Now I know that those devoted to anti-gun mythology will still not be persuaded. After all, this is just the word of TPaine7. What of the guys who actually wrote the Fourteenth Amendment? Are they at least worthy of consideration?

Here is how the Fourteenth Amendment was introduced on the floor of the Senate:

“{The Fourteenth Amendment's} first clause, {which} I regard as very important . . . relates to the privileges and immunities of citizens of the United States . . . . To these privileges and immunities, whatever they may be—for they are not and cannot be fully defined in their entire extent and precise nature—to these should be added the personal rights guaranteed and secured by the first eight amendments of the Constitution; such as the freedom of speech and of the press; the right of people peaceably to assemble and petition the Government for a redress of grievances, a right appertaining to each and all of the people; the right to keep and bear arms. . . .

…{T}hese guarantees . . . stand simply as a bill of rights in the Constitution … {and} States are not restrained from violating the principles embraced in them …. The great object of the first section of this amendment is, therefore, to restrain the power of the States and compel them at all times to respect these great fundamental guarantees.”—Senator Jacob Howard introducing the Fourteenth Amendment to the Senate, quoted by Yale Professor Amar. Akhil Reed Amar, The Bill of Rights, Creation and Reconstruction (Harrisonburg, VA: R.R. Donnelley & Sons Company, 1998), 185-6 (emphases supplied).


According to the authors of the Fourteenth Amendment, the "great object" of Section 1 (backed up by section 5) was to force the States to respect the "personal rights" protected by the first eight Amendments, explicitly including the right protected by the Second Amendment--the right to keep and bear arms. How's that for a "creative legal theory"?

If the right is a right of the states--the right to maintain armed militias--how can states possibly be forced to respect their own rights? That is a position that only gun control diehards could find tenable.

The fact that the Fourteenth Amendment was written to protect the individual right to keep and bear arms was no secret. The floor speech was published--either as a gloss or in its entirety--in the leading papers of the day. It was debated throughout the country. Both the Abolitionists and the racists agreed that the Amendment would have that effect. The evidence is overwhelming to any minimally open mind.
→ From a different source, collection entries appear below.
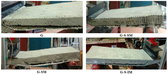 Regarding the applied load, it is clear that incorporating a mesh (G-SM, G-S-SM and G-S-IM vs. G) allowed the slabs to withstand a residual strength after reaching the maximum peak and the corresponding load drop (see Figure 6). Hence, the novel connection proposal of including a flexible mesh had a positive effect, providing CFRP–concrete partial interlocking, even after a connection failure. This residual strength was greater for G-S-IM specimens (between 3 kN and 5 kN), supporting the idea that inclined mesh configuration brought more quantity of fibers to simultaneously collaborate even after the global failure of the structure. This fact translates to the practical implication of providing additional post-failure strength, so increased safety margin. Regarding the sand particles, it can be observed from the modal analysis (see Table 2) that incorporating them caused a decrease in the load-bearing capacity (G-S-SM vs. G-SM) that was also translated into a lower vibration frequency. However, it must be noted that, in the G-S-SM case, the slope of the force–displacement curve after the peak load was slightly positive, thus showing a weak hardening behavior and a partial recovering of the supported load. Moreover, the load drop in the G-S-SM case was less significant than in G-SM, which was approximately a 70% slighter drop. In summary, it seems that the inclusion of sand caused a premature partial failure of the connection, which remained with enough capacity to increase the withstand load again. In comparison, other connection types using mesh (G-SM and G-S-IM), in which the breaking damage was more extensive when occurring, showed a greater load drop and avoided the possibility of increasing the resisted load when increasing the displacement after the maximum load.
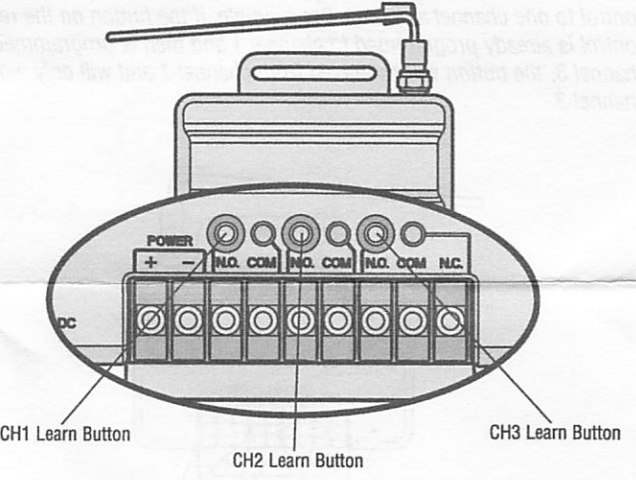 - Press and hold the CH3 Learn button on the receiver, LED on.
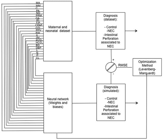 The architecture of ANN models comprised three layers of neurons (nodes) connected together: an input layer (parameters predicting the outcome), a hidden layer (activation transfer functions) and an output layer: the prediction of diagnosis, either (1) no NEC nor IP, (2) NEC or (3) IP associated with NEC. The database (N = 76 neonates) was randomly divided into training (80%) and testing, validation (20%). The input variables were normalized in the range of 0.1 to 0.9, as previously described [26], in order to prevent within-patient differences in variation and amplitude among variables, and the output variable was not normalized. The Back-propagation neural network (BPNN) was used to train and test ANN models using the Levenberg-Marquardt algorithm [30], as previously explained [26,27]. Briefly, in the hidden layer, one to <5 neurons were applied until the Root Mean Square Error (RMSE) between the experimental data (Target) and predicted values (network) was <10−12, as well as validation of the model by the slope and intercept statistical test (see Section 2.3.3) and avoiding overfitting (performance evaluation of the model through training, testing, and validation).
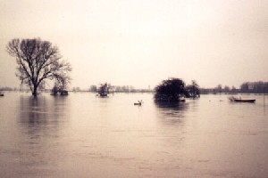 die einzige Siedlung vor den Deichen, die vereinzelten auf Warften gelegenen Höfe oder die Baumreihen und Feldgehölze ragen dann noch aus der gewaltigen Wasserfläche heraus.
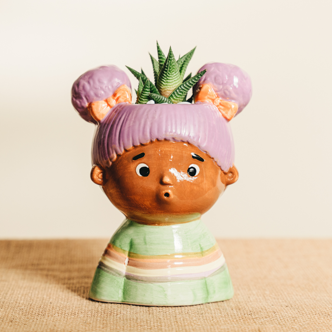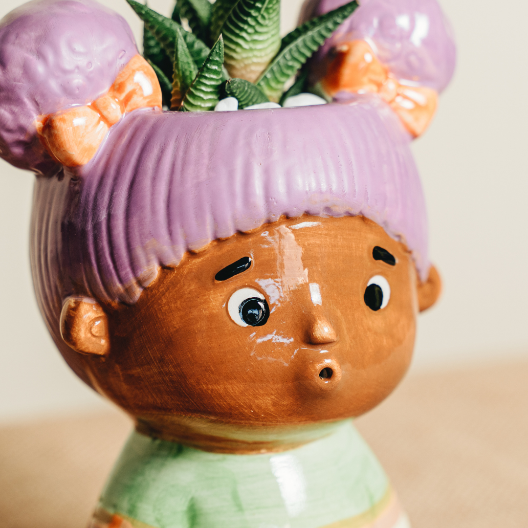 Un vaso in ceramica dal volto dolce e solare, ispirato all’energia e alla bellezza dell’infanzia. I dettagli delicati e l’acconciatura originale lo rendono unico. Perfetto per arredare con allegria o sorprendere con un regalo speciale. Completo di piantina grassa.
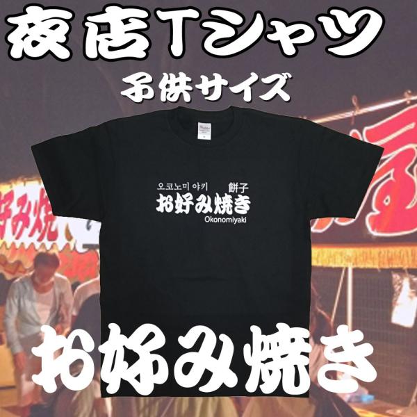 子供サイズ お好み焼き お祭り 屋台 夜店 出店 Tシャツ 半袖 ブラック
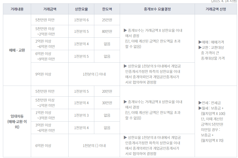 클릭하시면 먼저 부동산중개수수료율표가 보입니다.
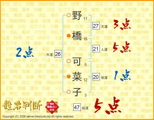 野橋可菜子さんの総運は47画の5点!
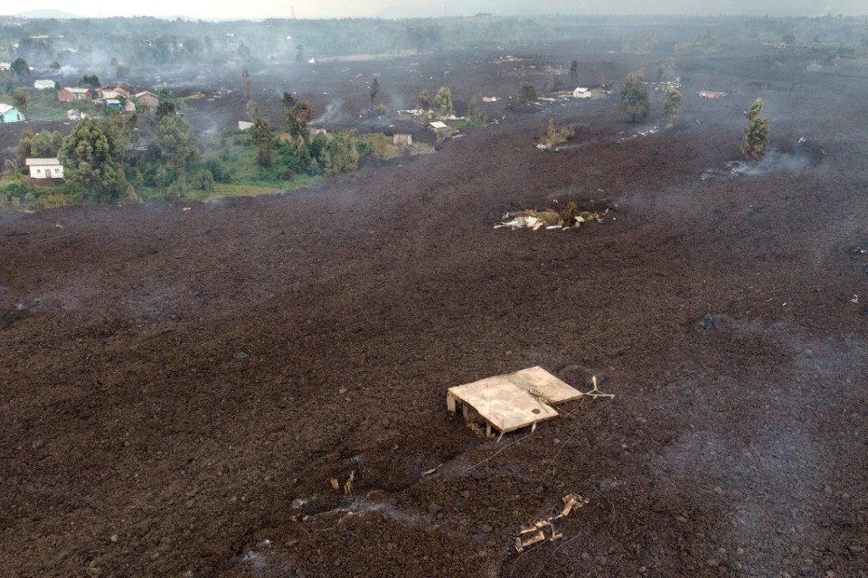 This aerial view shows debris engulfing buildings in Bushara village, Nyiragongo area, near Goma, on May 23, 2021, after a volcanic eruption of Mount Nyiragongo, that sent thousands fleeing during the night in eastern Democratic Republic of Congo. – A river of boiling lava from the eruption of Mount Nyiragongo has came to a halt outside Goma, sparing the city in the east of the Democratic Republic of Congo, the military governor of the region said on May 23, 2021. Five people were killed in related accidents. (Photo by Justin KATUMWA / AFP)

Knowing full well what they were doing, the United States of America ratified the Fourteenth Amendment. That is, they enshrined in the Constitution their understanding that the Second Amendment protects an individual right to keep and bear arms--a right that far from protecting a right of states to have armed militias actually protects a personal, individual right that is enforceable against the states. AGAINST THE STATES.

It is true that Heller did not address the Fourteenth Amendment, and so the minority was able to sidestep this history. That is a technicality, based on a legal stratagem by the party bringing the case against DC. It does not affect my argument in the slightest. I still maintain that the Fourteenth Amendment and the Framers of the Fourteenth Amendment are both greater authorities on the meaning of the Second Amendment than the Heller minority.

Alan Dershowitz was right:

"Foolish liberals who are trying to read the Second Amendment out of the Constitution by claiming it's not an individual right or that it's too much of a public safety hazard don't see the danger in the big picture. They're courting disaster by encouraging others to use the same means to eliminate portions of the Constitution they don't like."

http://en.wikipedia.org/wiki/Alan_Dershowitz#cite_ref-52

While some are merely ignorant, many know better or have had a chance to learn, and have stubbornly clung to their mythology. These are worse than foolish; they are dishonest. They are fully deserving of the contempt in which they are held--to a greater and greater extent--by the American people.